As boas práticas no transporte de pacientes em estado crítico definem a criação de uma política institucional de transporte, a organização de equipes multiprofissionais devidamente formadas e com treinamento regular nesta área, assim como a implementação de programas de acompanhamento e auditoria.14-16 No entanto, esse transporte ainda é realizado por equipes inexperientes/pouco experientes, que não conhecem o paciente ou o equipamento e em meios de transporte pouco adequados e/ou para ambientes de cuidados que não têm as condições para o diagnóstico ou tratamento.15,16

Diante disso, a segurança do paciente gera preocupação e tem impacto na saúde pública. Devido à relevância do tema, estabeleceu-se como objetivo desta revisão analisar como intervenções da equipe multiprofissional promovem a segurança no transporte de pacientes em estado crítico. Para isso, foi realizada uma pesquisa preliminar na base de dados Joanna Briggs Institute, não tendo sido encontrados registros sobre essa temática, nem publicados nem em andamento.

MÉTODO

Desenvolveu-se uma revisão sistemática de métodos mistos seguindo uma abordagem integrada convergente, de acordo com o Joanna Briggs Institute. Tal procedimento foi realizado com o intuito de integrar evidências quantitativas, qualitativas e mistas, numa compreensão mais holística sobre esse fenômeno, norteando a prática de cuidados.17 Esse método foi totalmente realizado por dois investigadores independentes, incluindo sete etapas: 1) Delimitação da questão norteadora; 2) Definição de critérios de inclusão e exclusão; 3) Realização da estratégia de busca; 4) Identificação de estudos potencialmente relevantes pela avaliação do título e do resumo; 5) Seleção de estudos após leitura do texto integral; 6) Avaliação da qualidade metodológica; e 7) Síntese dos dados.17

A questão norteadora foi realizada por meio da estratégia Population, Phenomenon of interest, and Context (PICo) recomendada para esta revisão.17 Foram definidos: P – pacientes adultos em estado crítico, I – segurança no transporte, e C – todos os contextos geográficos, visto que se pretendeu mapear toda a dimensão e amplitude da evidência existente. Diante disso, estabeleceu-se a seguinte questão norteadora: “Como intervenções da equipe multiprofissional promovem a segurança no transporte de pacientes em estado crítico?”.

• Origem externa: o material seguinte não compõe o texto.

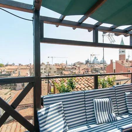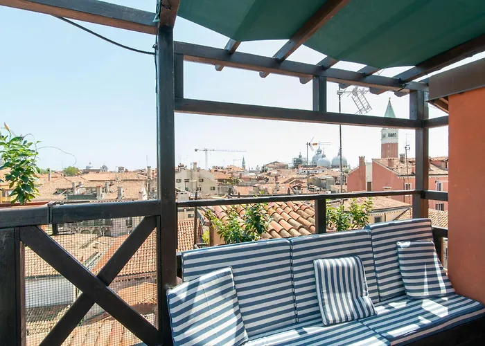 Das Apartment Penthouse With Rooftop Terrace And 360 Views Of Venice - Venice5Th ist eine großartige Unterkunft im Viertel Castello, nur 15 Minuten Fußweg vom Dogenpalast entfernt. 150 Meter von den Santi Giovanni e Paolo gelegen, bietet dieses 2-Zimmer-Apartment eine Terrasse, wo Gäste einen Ausblick auf die Berge genießen können.

Foram incluídos: estudos nacionais e internacionais provenientes de estudos primários de abordagens qualitativas, quantitativas e de métodos mistos, nos idiomas inglês e português e no espaço temporal de 2012 a 2021. Foram excluídos: estudos cuja temática do título, resumo e texto integral não tivesse relação com a questão da revisão; estudos cuja percentagem da qualidade metodológica foi inferior a 80%; e estudos nos ambientes de cuidados de neonatologia ou pediatria.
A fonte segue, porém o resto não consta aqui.